The following exercises illustrate the common usage of RAJA::kernel and ``RAJA::launch. Please see RAJA Kernel Execution Policies for more information about other execution policy constructs RAJA::kernel provides. RAJA::launch takes a RAJA::LaunchParams type argument for representing a teams-thread launch configuration, and a lambda expression which takes a RAJA::launchContext argument. RAJA::launch allows an optional run time choice of execution environment, either CPU or GPU. Code written inside the lambda expression body will execute in the chosen execution environment. Within that environment, a user executes kernel operations using RAJA::loop<EXEC_POL> method calls, which take lambda expressions to express loop body operations.


A key difference between the RAJA::kernel and RAJA::launch approaches is that almost all of the kernel execution pattern is expressed in the execution policy when using RAJA::kernel, whereas with RAJA::launch the kernel execution pattern is expressed mostly in the lambda expression kernel body.

One may argue that RAJA::kernel is more portable and flexible in that the execution policy enables compile time code transformations without changing kernel body code. On the other hand, RAJA::launch is less opaque and more intuitive, but may require kernel body code changes for algorithm changes. Which interface to use depends on personal preference and other concerns, such as portability requirements, the need for run time execution selection, etc. Kernel structure is more explicit in application source code with RAJA::launch, and more concise and arguably more opaque with RAJA::kernel. There is a large overlap of algorithms that can be expressed with either interface. However, there are things that one can do with one or the other but not both.

In the following sections, we introduce the basic mechanics and features of both APIs with examples and exercises.
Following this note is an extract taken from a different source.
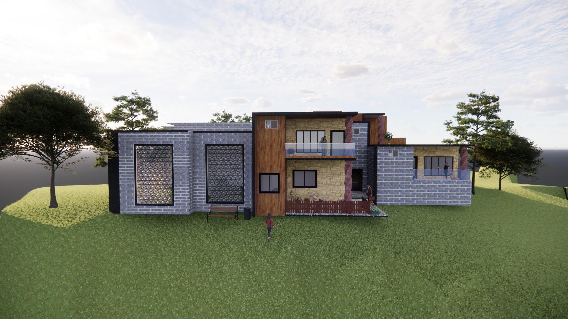 • THE DESIGN OF THE VILLA WITH AN OFFICE, NESTLED ON THE HIMALAYAN FOOTHILLS OF THE GARHWAL REGION, IS A HARMONIOUS BLEND OF CONTEMPORARY ARCHITECTURE AND MINDFUL INTEGRATION WITH THE SURROUNDING NATURAL ENVIRONMENT. THE DESIGN TAKES INTO ACCOUNT THE UNIQUE CLIMATIC CONDITIONS OF THE AREA, ENSURING THE VILLA IS WELL-SUITED FOR YEAR-ROUND COMFORT AND SUSTAINABILITY.

We also present a sequence of execution policy examples and matrix transpose examples using both RAJA::kernel and RAJA::launch to compare and contrast the two interfaces.

Nested Loops with RAJA::kernel

The examples in this section illustrate various features of the RAJA::kernel API used to execute nested loop kernels. It describes how to construct kernel execution policies and use different view types and tiling mechanisms to transform loop patterns. More information can be found in Complex Loops (RAJA::kernel).

Nested Loops with RAJA::launch

The examples in this section illustrate how to use RAJA::launch to create an run time selectable execution space for expressing algorithms as nested loops.

Comparing RAJA::kernel and RAJA::launch: Matrix-Transpose

In this section, we compare RAJA::kernel and RAJA::launch implementations of a matrix transpose algorithm. We illustrate implementation differences of the two interfaces as we build upon each example with more complex features.